TASK DATA ->
====
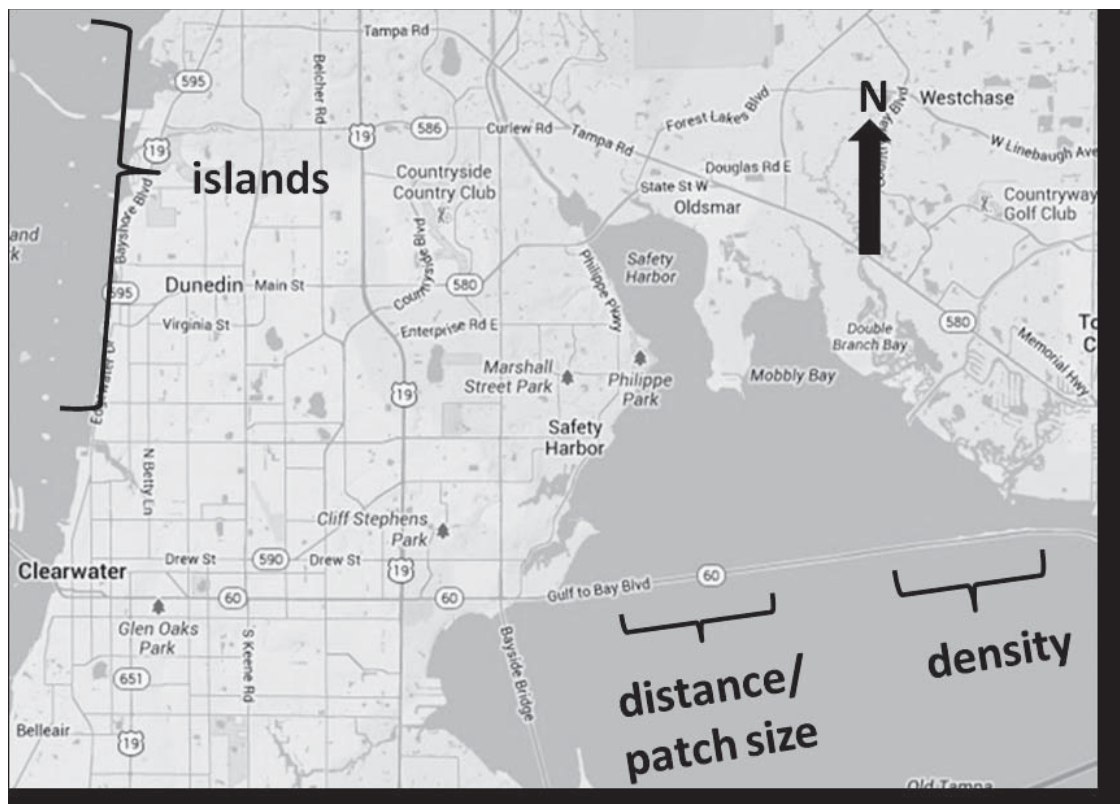
Fig. 1. Map showing overview and relative location of each of the 3 studies. Tampa (Hillsborough County), Florida is to the east.

east side of the CCC bridge is an extensive area of B. frutescens forming a continuous ground cover matrix with I. frutescens shrubs emerging intermittently, such that the distance between the host species is zero; moreover, relative host plant abundances vary with varying Borrchia stem density (Fig. 2). Monthly gall counts were performed from Jan 2009 to Sep 2009 to determine gall densities on I. frutescens and B. frutescens . Additionally, areal density of potential oviposition sites (leaf buds) on Borrchia on both sides of each I. frutescens shrub in the study was measured and the local average determined. Emergence holes were counted concurrently on both species and classified according to whether they were the result of emerging gall midges or parasitoids (Stiling & Rossi 1997). Linear regression analysis was performed using I. frutescens gall density and parasitism rate as response variables and B. frutescens gall density, oviposition site areal density and parasitism rate as independent variables influencing Iva gall density. We predicted Iva gall density to be lower and parasitism rate higher as Borrchia gall density, oviposition site density and parasitism rate increased.
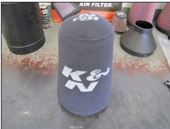
1. Install the Extreme Duty Foam Wrap onto the filter.
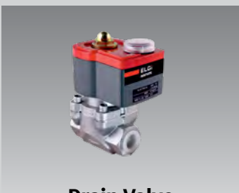
Drain Valve (Timer controlled and zero loss)
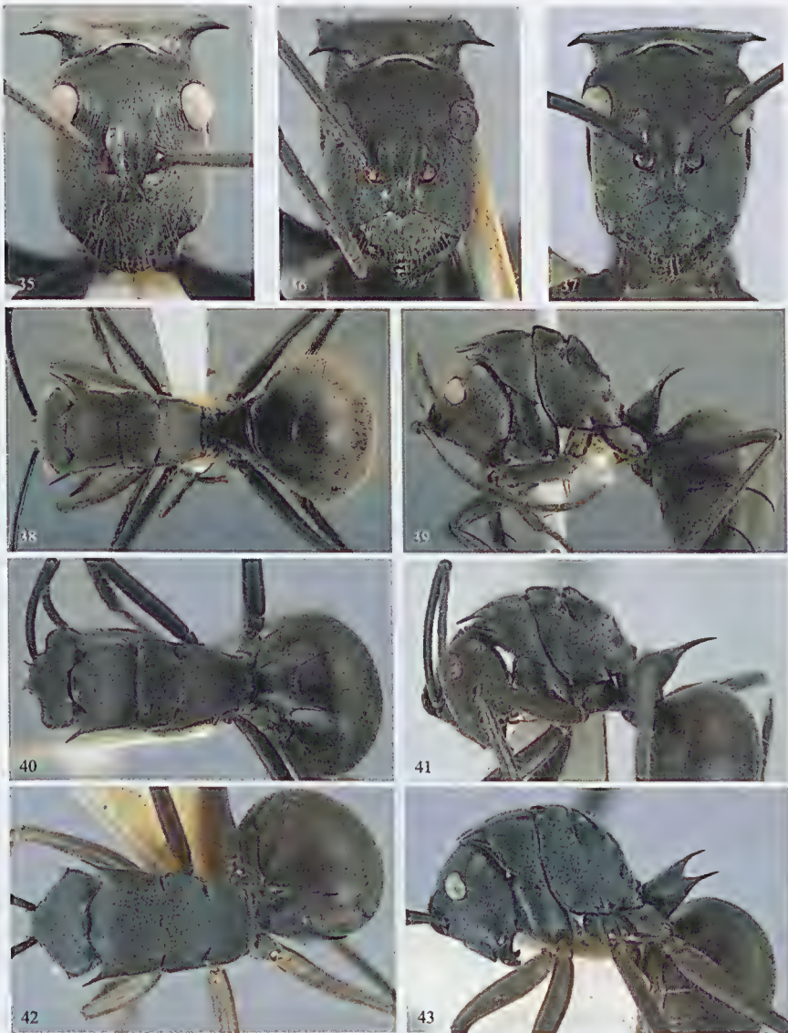
Figs 35-43. Polyrhachis spp. (35, 38-39) P. robusta sp. n. (holotype): (35) head in full face view; (38) dorsal view; (39) lateral view. (36, 40-41) P. sericeopubescens Donisthorpe (syntype): (36) head in full face view; (40) dorsal view; (41) lateral view. (37, 42-43) P. simpla Emery (syntype): (37) head in full face view; (42) dorsal view; (43) lateral view. Not to scale.

Frontal carinae sinuate with strongly raised margins; central area relatively narrow with weakly impressed frontal furrow. Sides of head in front of eyes weakly diverging anteriorly before rounding into mandibular bases; behind eyes, sides produced into
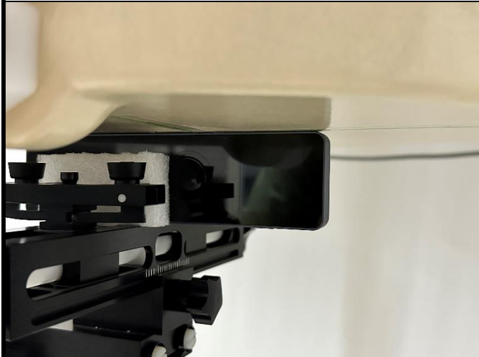
Left Side of EUT with 0 cm Gap
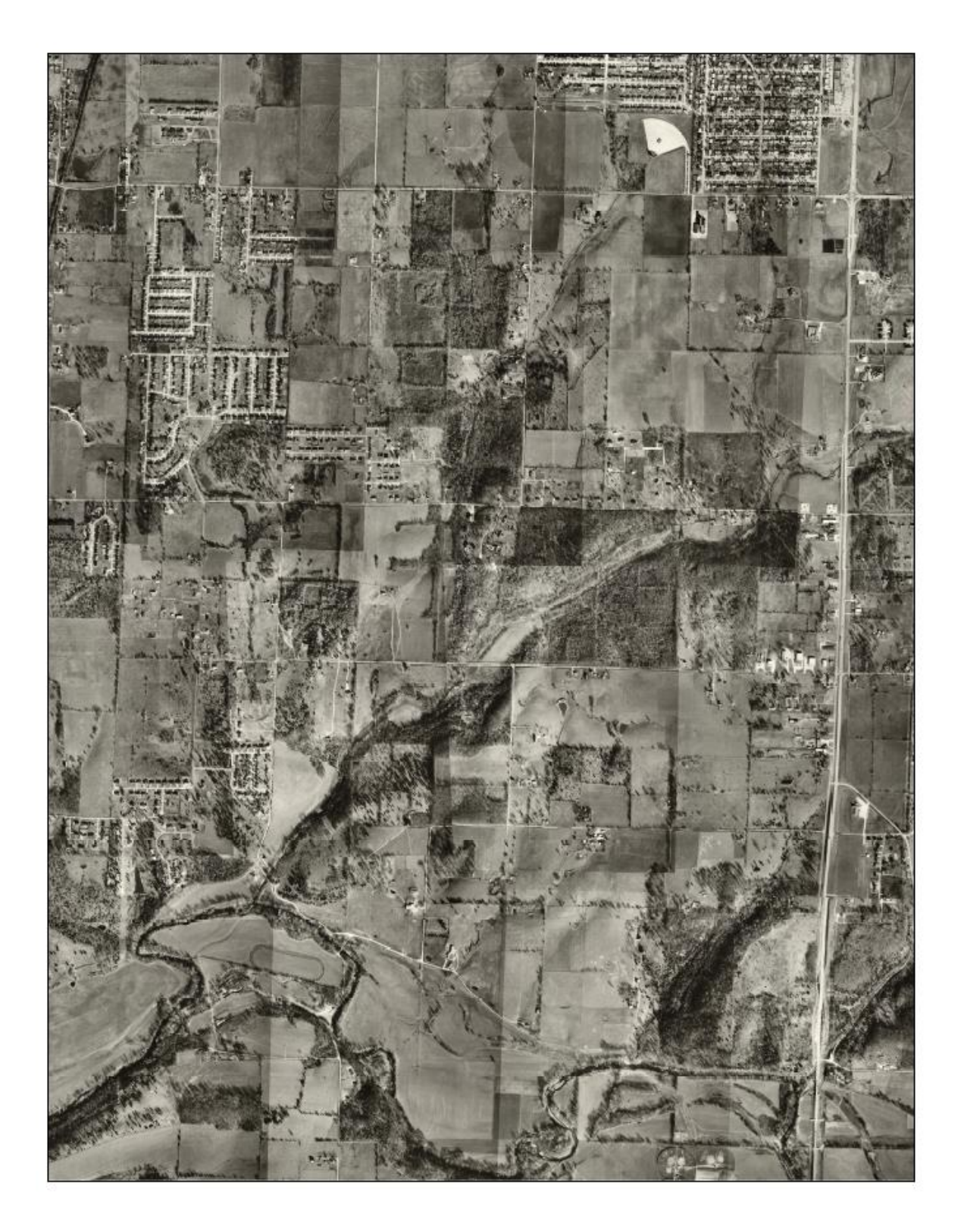
1980 aerial photo for the Kansas Expressway Extension study
====
WORK TO COMPLETE -> Show all lines in the records above that hold "east".

OUTPUT FOR THIS EXERCISE ->
Fig. 1. Map showing overview and relative location of each of the 3 studies. Tampa (Hillsborough County), Florida is to the east.
east side of the CCC bridge is an extensive area of B. frutescens forming a continuous ground cover matrix with I. frutescens shrubs emerging intermittently, such that the distance between the host species is zero; moreover, relative host plant abundances vary with varying Borrchia stem density (Fig. 2). Monthly gall counts were performed from Jan 2009 to Sep 2009 to determine gall densities on I. frutescens and B. frutescens . Additionally, areal density of potential oviposition sites (leaf buds) on Borrchia on both sides of each I. frutescens shrub in the study was measured and the local average determined. Emergence holes were counted concurrently on both species and classified according to whether they were the result of emerging gall midges or parasitoids (Stiling & Rossi 1997). Linear regression analysis was performed using I. frutescens gall density and parasitism rate as response variables and B. frutescens gall density, oviposition site areal density and parasitism rate as independent variables influencing Iva gall density. We predicted Iva gall density to be lower and parasitism rate higher as Borrchia gall density, oviposition site density and parasitism rate increased.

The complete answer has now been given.